Spanner is a large distributed relational database deployed within Google. Spanner is able to make good performance vs consistency tradeoffs by considering uncertainty and its necessity in determining correctness. This is done by creating an API that directly exposes clock uncertainty: Spanner calls this the TrueTime API.
Spanservers support many tablet data structures, each of which contains a mapping of a key and timestamp to a string. Timestamp is important and makes Spanner more like a multiversion database than a key value store like Bigtable.

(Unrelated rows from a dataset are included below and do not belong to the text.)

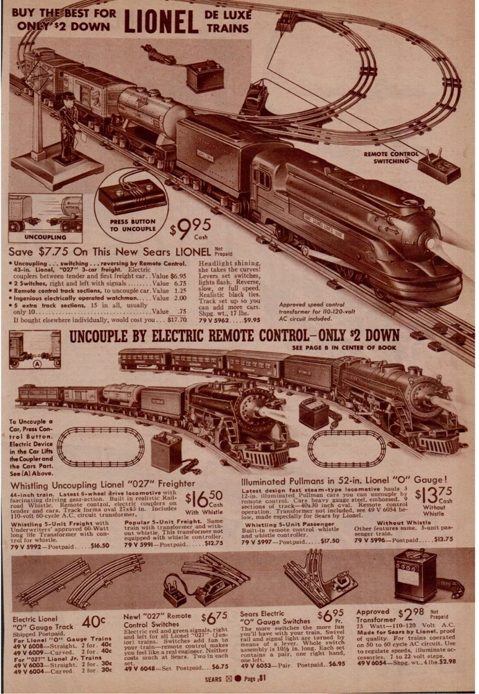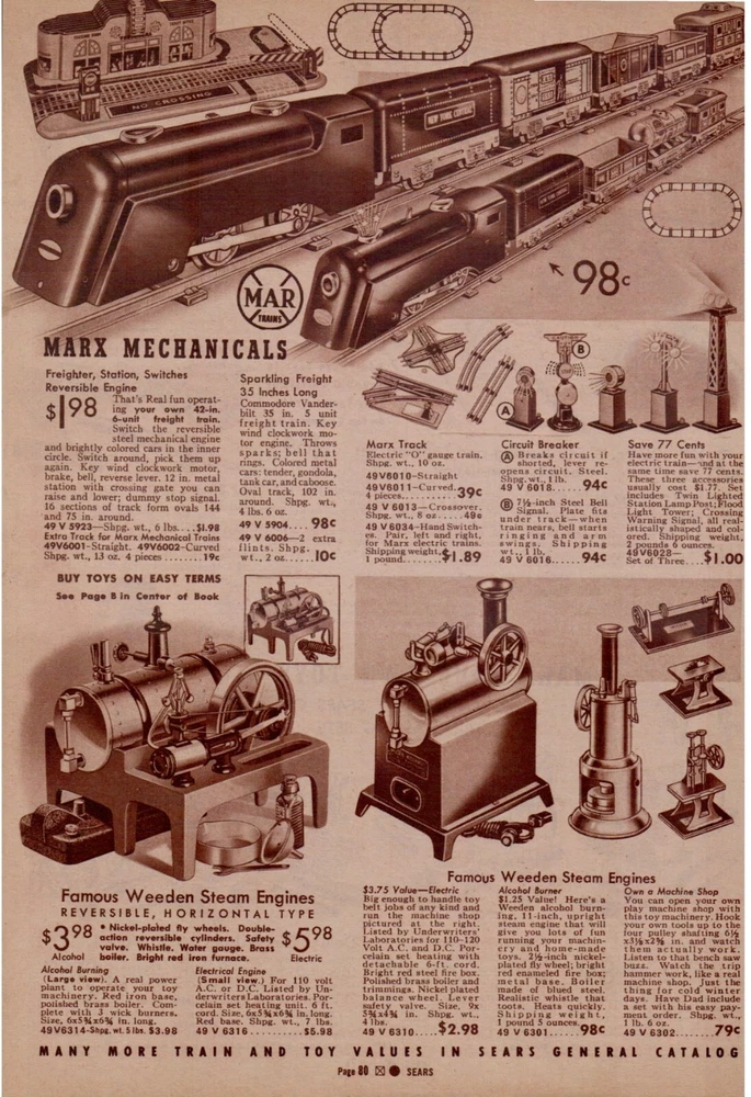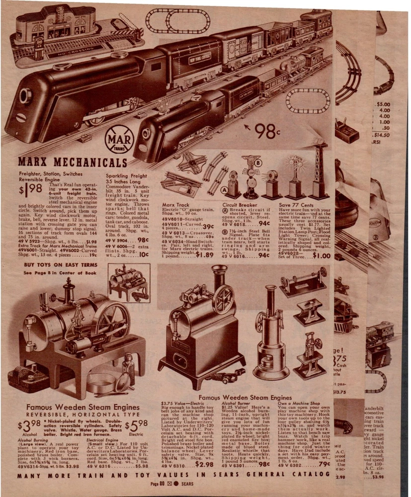 Late 1930's Sears Catalog Page #79-84 Lionel and Marx Electric Train Set Toys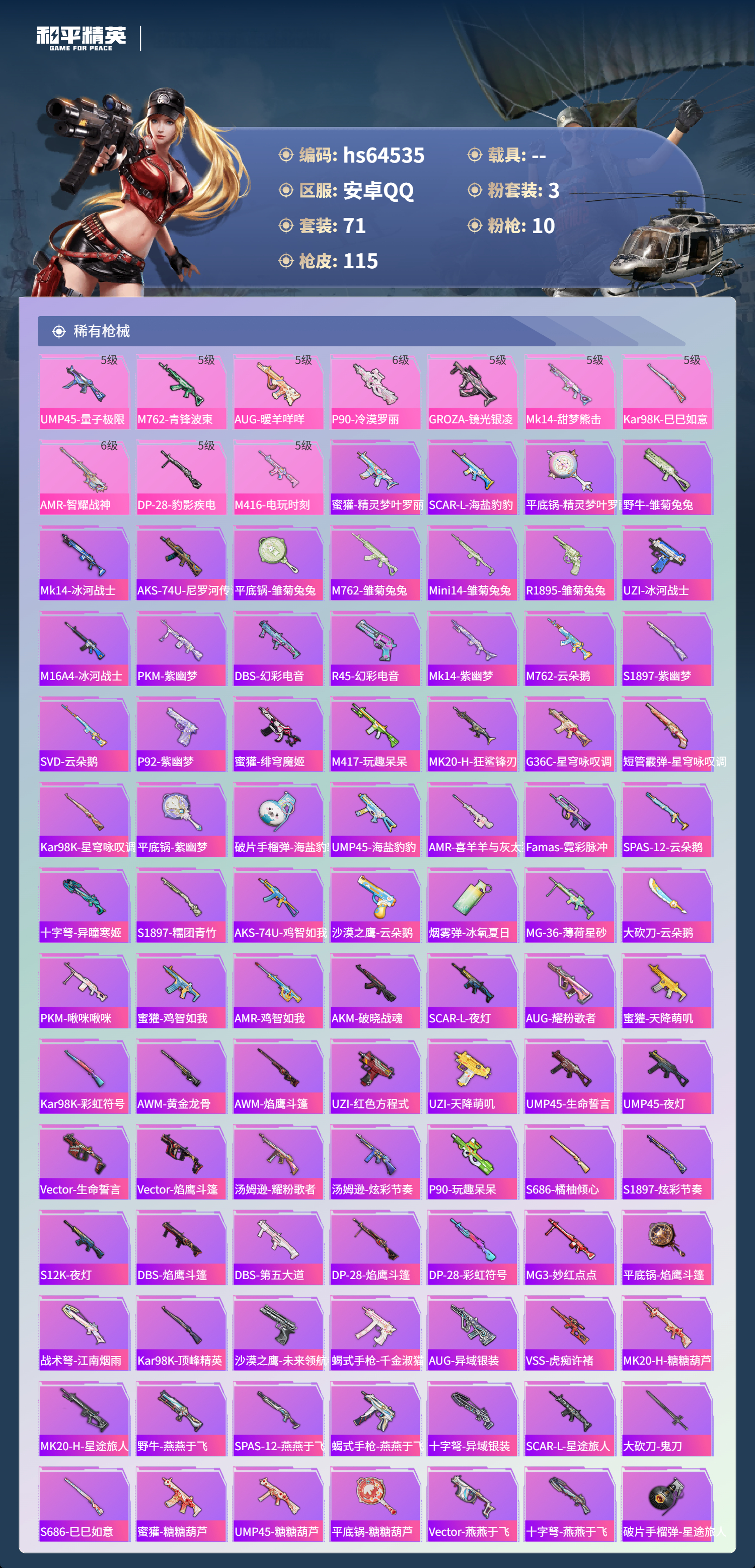 hs64535 安卓手Q-8王牌印记-3粉装-10特效枪-34340热力值-71套装-115枪皮-6卓越印记-2传奇印记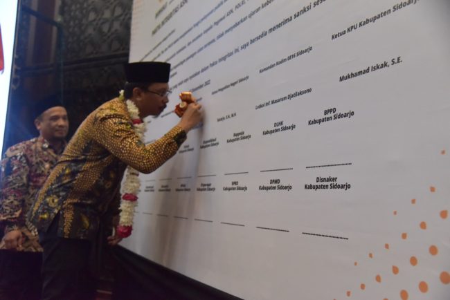 Kapolresta Sidoarjo, Komandan Kodim 0816 Sidoarjo Kepala Kejaksaan dan Ketua DPRD Kabupaten Sidoarjo pada kesempatan tersebut menuliskan deklarasi, serta menandatangani pakta inegritas ASN, Plri dan TNI.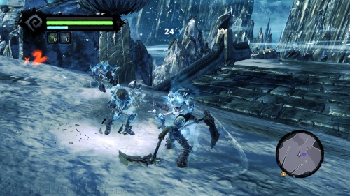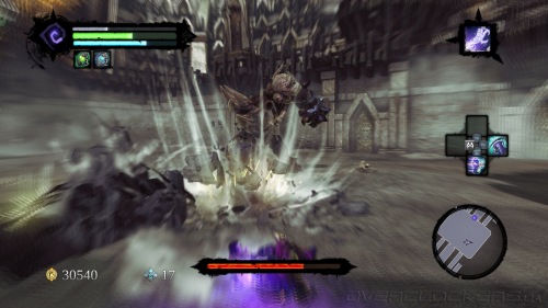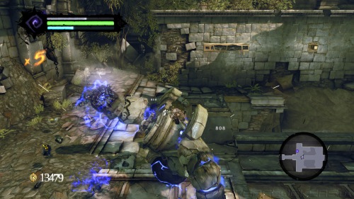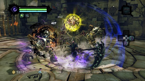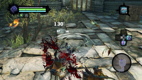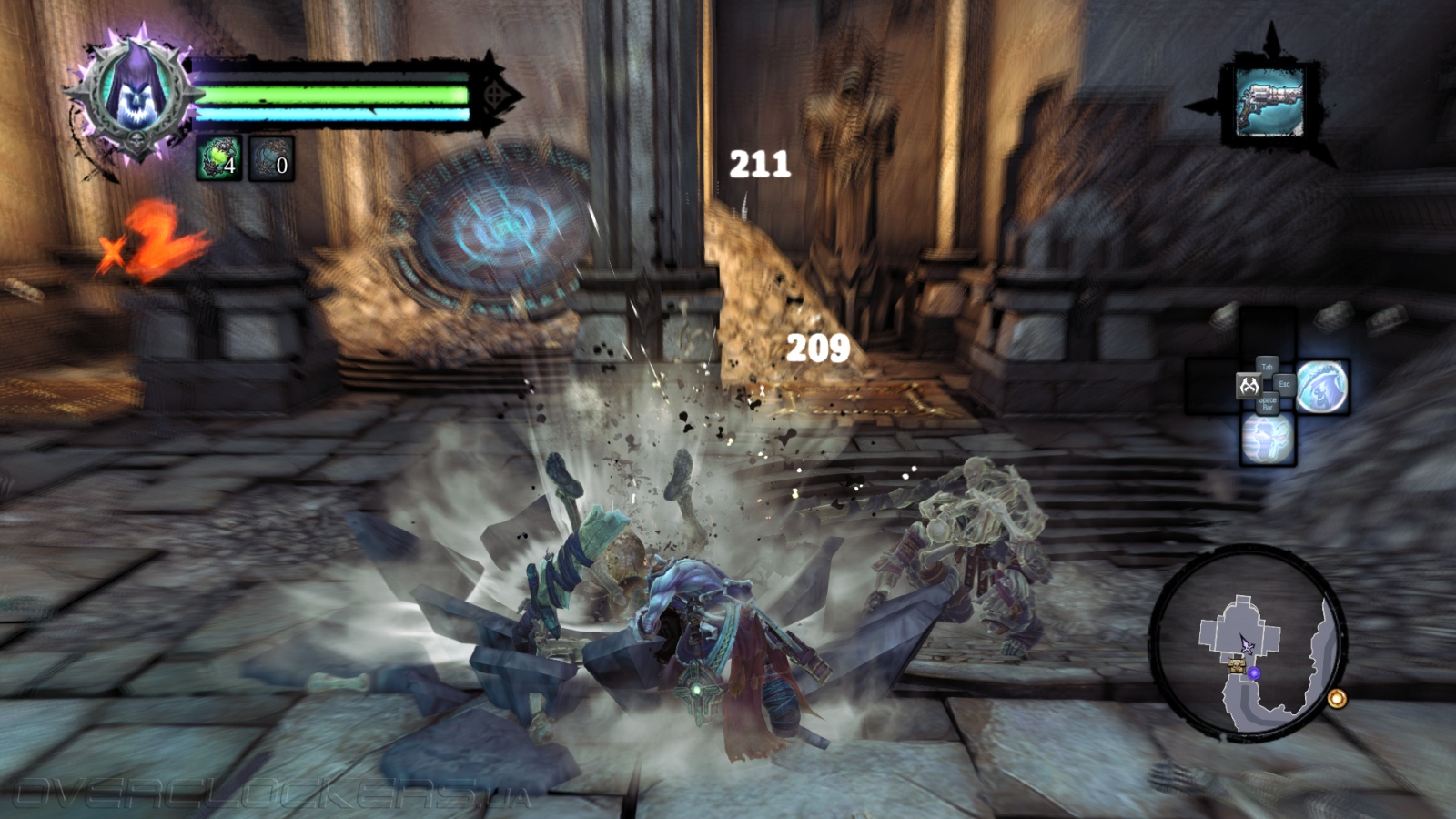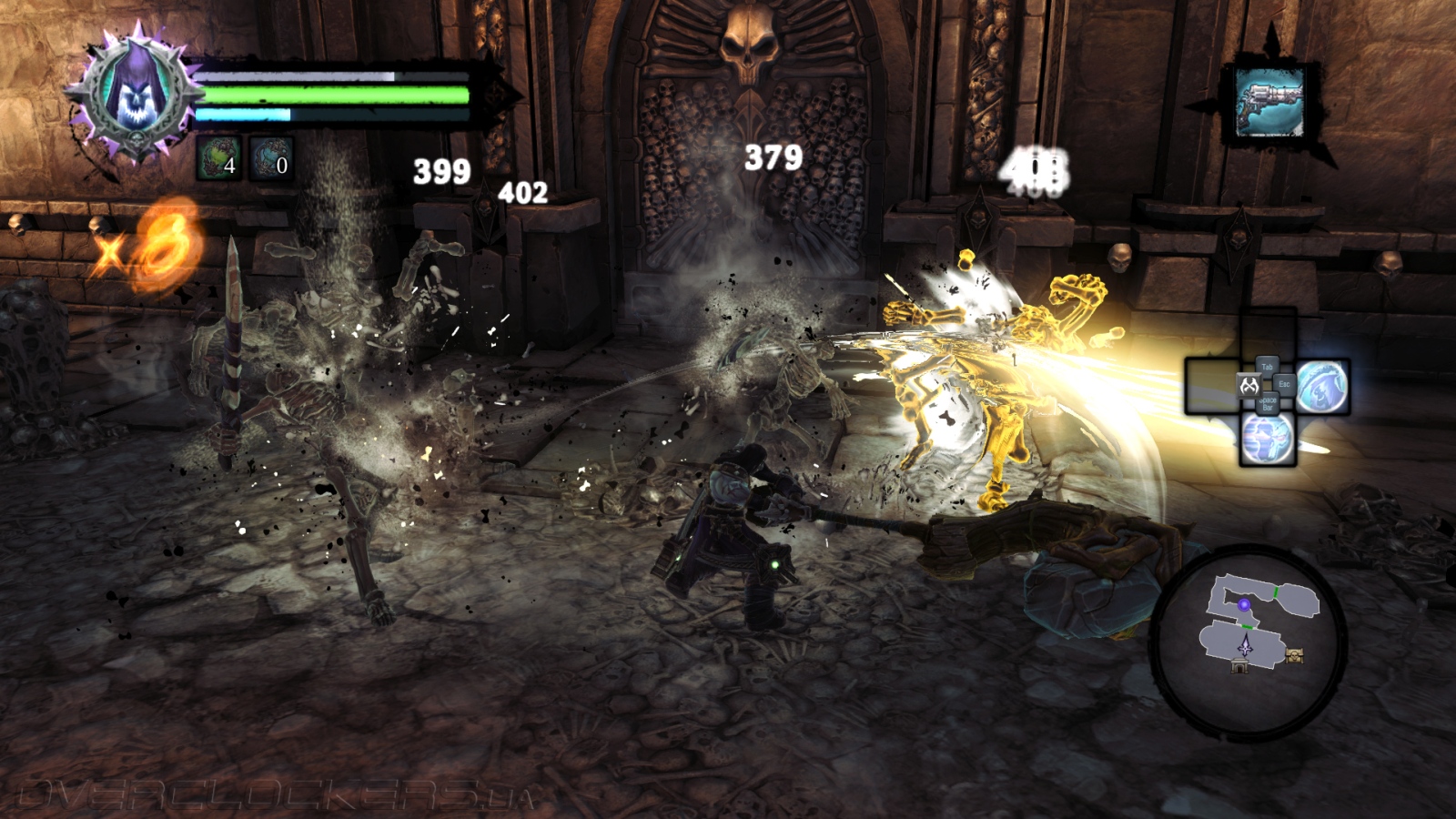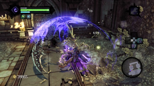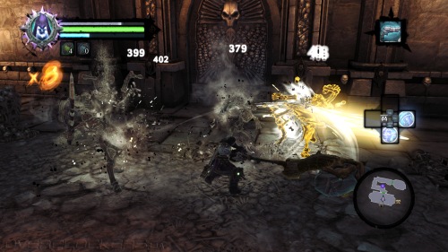 Но основное место в игре все же занимают битвы. Это динамичный слешер со всеми атрибутами жанра — обилием приемов, мощными комбо и яркими росчерками от взмахов оружия на экране. Движения нового героя более легкие и стремительные в сравнении с Войной, можно даже сказать, что они чуть грациознее. Уходить от ударов помогают перекаты. Быстрые удары наносятся косами, медленные и мощные — двуручным оружием. Впрочем, возможны и другие вариации. Арсенал очень разнообразен. На основное оружие всегда выбираются косы, но вот на альтернативное можно назначить как медленный молот и топор, так и очень стремительные когти. Так что каждый игрок сможет подобрать наиболее интересное и эффективное сочетание для себя. Естественно, что с каждым оружием Смерть управляется по разному и реализует разные комбо-удары. Последние покупаются нами за деньги у специальных учителей. Приемов очень много, они очень разнообразны и легко выполняются даже на клавиатуре. Это может быть сочетание последовательности нажатия одной клавиши, комбинация из уклонения и удара или одновременное нажатие двух определенных кнопок действия. По итогам Смерть будет швырять раскрученные косы, превращаться в волчка с лезвиями в воздухе, наносить мощные впечатывающие удары из прыжка и много чего другого. При этом скелеты и всякие големы охотно разлетаются на куски, брызжет кровь. Смотрится зрелищно и вполне в духе данного жанра.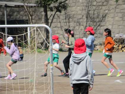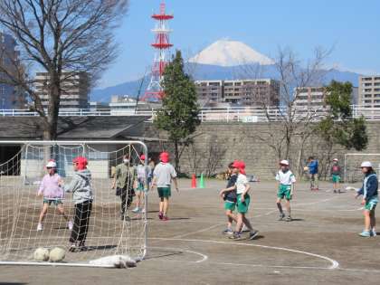 気持ちよく晴れ渡った青空の下で、体育の授業をしています。

Tablets are used in the Colossus distributed filesystem. Each tablet (bag of mappings) is replicated using its own Paxos state machine. Writes initiate the Paxos protocol at the leader, and reads access state directly from the underlying tablet at any replica that is sufficiently up to date(?)
Spanservers that are the leader of their Paxos group are required to implement a lock table for concurrency control. For this reason, it’s important to have a long-lived leader. Also, Spanner was designed with long-lived transactions in mind. The lock table lives only in the leader and is not replicated by Paxos, given how volatile it is.
Spanservers that are the leader of their Paxos group are also required to implement a transaction manager to support distriuted transactions between Paxos groups. Transaction manager can be bypassed if transactions only involve one Paxos group. But if multiple Paxos groups are required, thenthe groups’ leaders coordinate with a 2PC. The transaction manager is replicated by the underlying Paxos group.